[Supplied material]:
Content starts
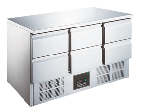 The Sterling Pro SPU303-6D refrigerated counter is designed to keep your fresh ingredients safely chilled without costing the earth. This 6-drawer design offers a huge amount of internal chilled storage space plus the benefit of over 1350mm of prep space on top.
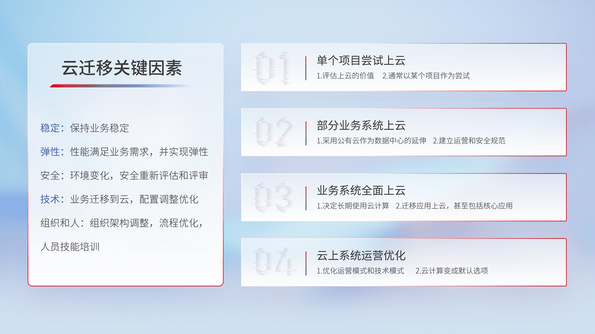 结合实际业务,,从规划设计、、、云平台选型、、云原生改造、、数据迁移、、、、集成交付,,,,迁移全过程为客户识别最佳上云路径,,做好风险识别管理,,,设计网络架构、、、身份权限、、安全审计合规、、、操作审计、、、、日志审计、、监控告警策略、、、多站点容灾设计等,,,对云上基础设施进行整体规划,,,,提升IT治理水平,,以满足弹性、、、高可用、、、高性能的需求。。。
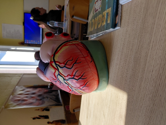 The image depicts an indoor classroom setting in Unknown, Unknown. In the foreground, a detailed anatomical model of a human heart, rendered in red, pink, blue, and black, rests on a teal base on a light-colored wooden desk. Sunlight from a window casts a distinct shadow diagonally across the desk surface from the left. To the right of the heart model, a stack of printed materials is visible, with the top item displaying a partial title that includes "LEGACY." In the midground, multiple individuals are present. One person is partially visible behind the heart model. To the right, a female individual with dark hair tied in a ponytail is seated at a wooden desk, facing away from the camera. A clear plastic water bottle rests on her desk. The background features a cream-colored wall on the left adorned with several posters, including one large, blurred image and multiple smaller, dark silhouette-like figures. A large window on the left allows bright natural light into the room. Towards the right, a section of the wall is painted light yellow, beneath a white whiteboard that is partially obscured by a wall-mounted flat-screen monitor displaying a bright blue screen. Standard classroom furniture, including wooden desks and chairs, populates the room.
Content ends
[Description of the task]:
Starting with the first line of the data, transcribe every line exactly through the one containing "结合实际业务,,从规划设计、". No pictures go in.

[Result for this task]:
 The Sterling Pro SPU303-6D refrigerated counter is designed to keep your fresh ingredients safely chilled without costing the earth. This 6-drawer design offers a huge amount of internal chilled storage space plus the benefit of over 1350mm of prep space on top.
 结合实际业务,,从规划设计、、、云平台选型、、云原生改造、、数据迁移、、、、集成交付,,,,迁移全过程为客户识别最佳上云路径,,做好风险识别管理,,,设计网络架构、、、身份权限、、安全审计合规、、、操作审计、、、、日志审计、、监控告警策略、、、多站点容灾设计等,,,对云上基础设施进行整体规划,,,,提升IT治理水平,,以满足弹性、、、高可用、、、高性能的需求。。。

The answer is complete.